Os fornecedores também podem ter um papel ativo no desenvolvimento de novos insumos. “Comercializamos muitos cogumelos de origem europeia e asiática, mas não me lembro de algum dia ter consumido algum cogumelo de origem brasileira. Um produto como esse já estaria adaptado ao clima brasileiro e pode ter sabores e texturas únicas.”

7. Os cuidados básicos sempre funcionam

Trabalho, trabalho e trabalho. Reduzir custos sem afetar a qualidade, austeridade administrativa, uma boa comunicação com o público e aproveitar o momento para gestar novas ideias”, recomenda Marcelo Fernandes.

Daniel apresenta quatro cuidados para melhor a performance: “Primeiro, deve-se reavaliar todas as despesas da empresa, entendendo aquilo que é realmente necessário para o negócio. Segundo, reduzir estoques e trabalhar de forma enxuta e adequada para os níveis de demanda atuai. Em terceiro, é preciso treinar a equipe para reduzir perdas e desperdícios, também ensinando melhores formas de trabalho. E, finalmente, desenvolver produtos com ingredientes com boa relação custo-benefício.”

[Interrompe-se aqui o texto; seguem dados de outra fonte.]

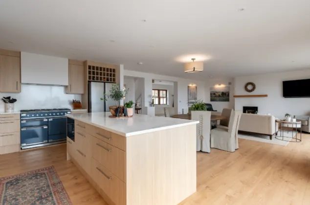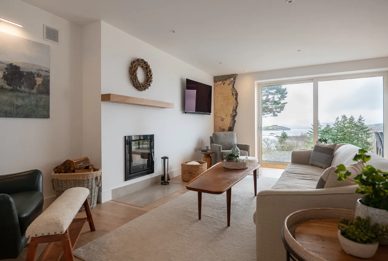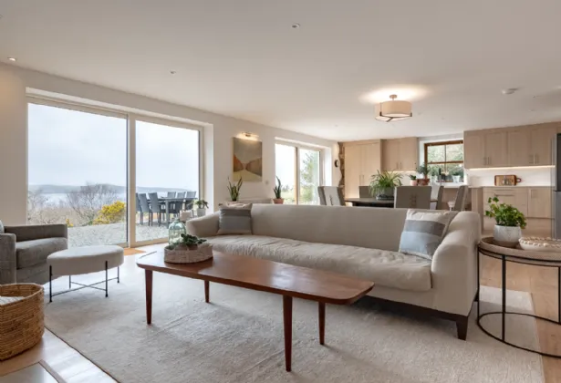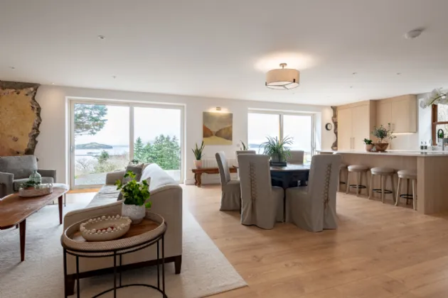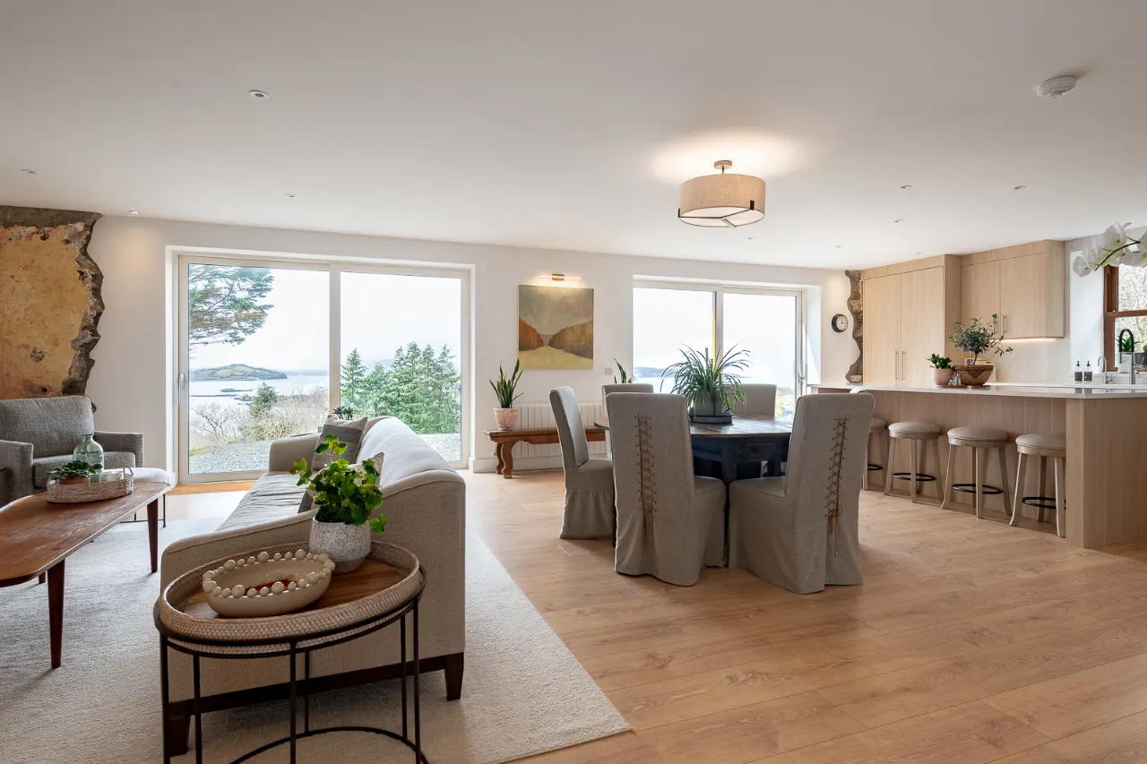 Living Room/Dining Room The first thing you immediately see when entering the living/dining room are the views. With two 2.8m sliding glass doors out to the patio, you can enjoy the vast sea and countryside views at all times. There is a solid fuel stove with a handmade Sweet Chestnut mantel made from the old tree that was located beside the old post office in Kenmare. The living room, dining room and kitchen are all located in the original area of the schoolhouse. There are small sections of the original school walls left on either side of the sliding doors in a nod to the history of the house.

Esteja preparado para 2019

Apesar das grandes incertezas que cercam o nosso cenário eleitoral, o pior momento da crise política já passou. Agora estamos próximos de um novo quadro político que deve nos levar a novas medidas e a recuperação da economia.

Para enfrentar os primeiros meses de 2019, as recomendações acima continuam válidas. É importante que se entenda que não haverá mudanças rápidas. O novo governo vai precisar de tempo para começar a fazer seu trabalho. Quem fez a lição de casa e reduziu ao máximo seus custos fixos, trabalhando com estoques enxutos, reduzindo suas perdas e desenvolvendo novos produtos, vai continuar colhendo bons resultados em sua operação. Nada substitui os conceitos básico.

Com uma boa geração de caixa nos últimos meses de 2018, você estará preparado para passar pelo primeiro bimestre do próximo ano, e pronto para aproveitar um novo ciclo de crescimento, que só deve começar a partir de março de 2019.